“An’ ye did it too without an aim, for you had both eyes tight shut at the time,” remarked Fergus. “Iss that the way they teach ye to shoot at sea?”
“In course it is,” replied Jenkins, gravely. “That’s the beauty o’ the blunderbuss. There’s no chance o’ missin’, so what ’ud be the use o’ keepin’ yer eyes open, excep’ to get ’em filled wi’ smoke. You’ve on’y got to point straight, an’ blaze away.”
“I did not know that you use the blunderbuss in your ships at all,” said Dechamp, with a look of assumed simplicity.
“Ho yes, they do,” said Jenkins, squinting down the bell-mouthed barrel, as if to see that the touch-hole was clear. “Aboard o’ one man-o’-war that I sailed in after pirates in the China seas, we had a blunderbuss company.
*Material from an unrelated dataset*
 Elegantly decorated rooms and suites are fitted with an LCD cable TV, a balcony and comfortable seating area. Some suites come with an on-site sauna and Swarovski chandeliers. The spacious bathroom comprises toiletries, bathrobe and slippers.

The first-leftenant, who was thought to be queer in his head, he got it up.
“The first time the company was ranged along the deck he gave the order to load with ball cartridges. There was twenty-six of us, all told.
“‘We’ve got no cartridges for ’em, sir,’ whispered the man nearest him.
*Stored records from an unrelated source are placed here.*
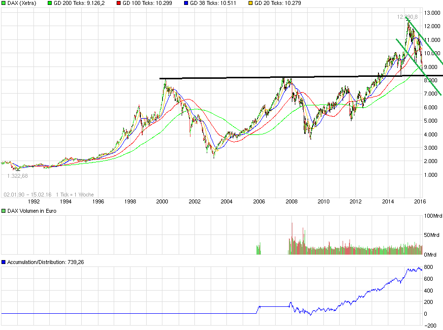Beim DAX kann man charttechnisch einen steileren Abwärtstrend einzeichnen, hab ihn blau eingezeichnet. Interessant ist, dass bei 9800 die untere Trendlinie vom kurzfristigen Abwärtstrend, genau mit der langfristigen Trendlinie aus dem Wochenchart zusammentrifft. (er meinte eher 8800)
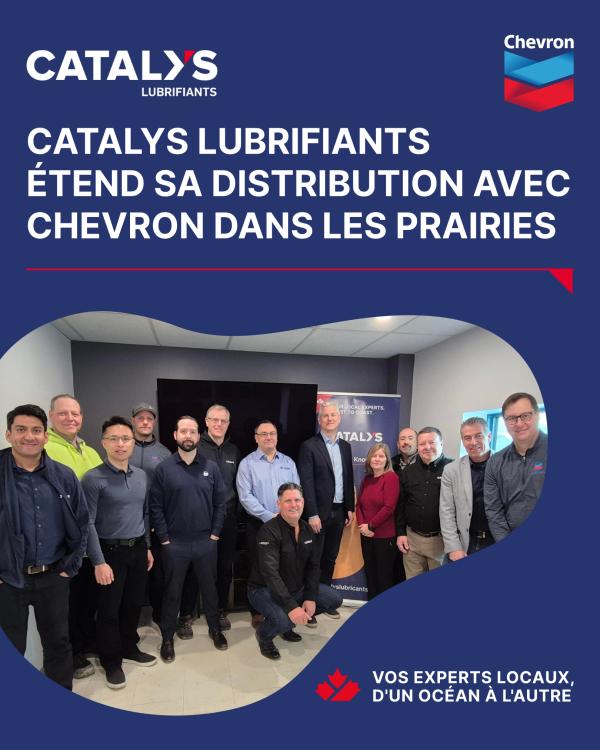 MONTRÉAL, QC - 4 décembre, 2025 – Catalys Lubrifiants, un chef de file canadien dans la distribution et la fabrication de lubrifiants depuis plus de 35 ans, a annoncé aujourd'hui une expansion significative par le biais d'une nouvelle entente de distribution avec Chevron Canada Limited. Cette entente permet à Catalys de distribuer les produits Chevron dans les provinces des Prairies, soit la Saskatchewan et le Manitoba, marquant une étape clé dans la stratégie de croissance nationale de l'entreprise.
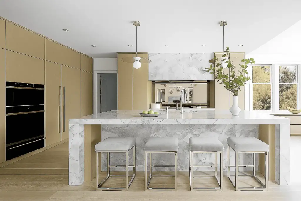 The choice of countertop material is crucial for the success of your waterfall island. It will not only affect the overall aesthetic but also the durability, maintenance, and cost of the island. Here’s a rundown of some of the most popular material options:

“‘If you don’t obey orders,’ growled the leftenant ’tween his teeth, ‘I’ll have ye strung up for mutiny every man Jack of you—load!’ he repeated in a kind of a yell.
“We had our or’nary belts and pouches on, so we out wi’ the or’nary cartridges—some three, some four,—an’, biting off the ends, poured in the powder somehow, shoved in the balls anyhow, an’ rammed the whole consarn down.
“‘Present—fire!’ roared the leftenant.
“Bang! went the six an’ twenty blunderbusses, an’ when the smoke cleared away there was fourteen out o’ the twenty-six men flat on their backs. The rest o’ us was raither stunned, but hearty.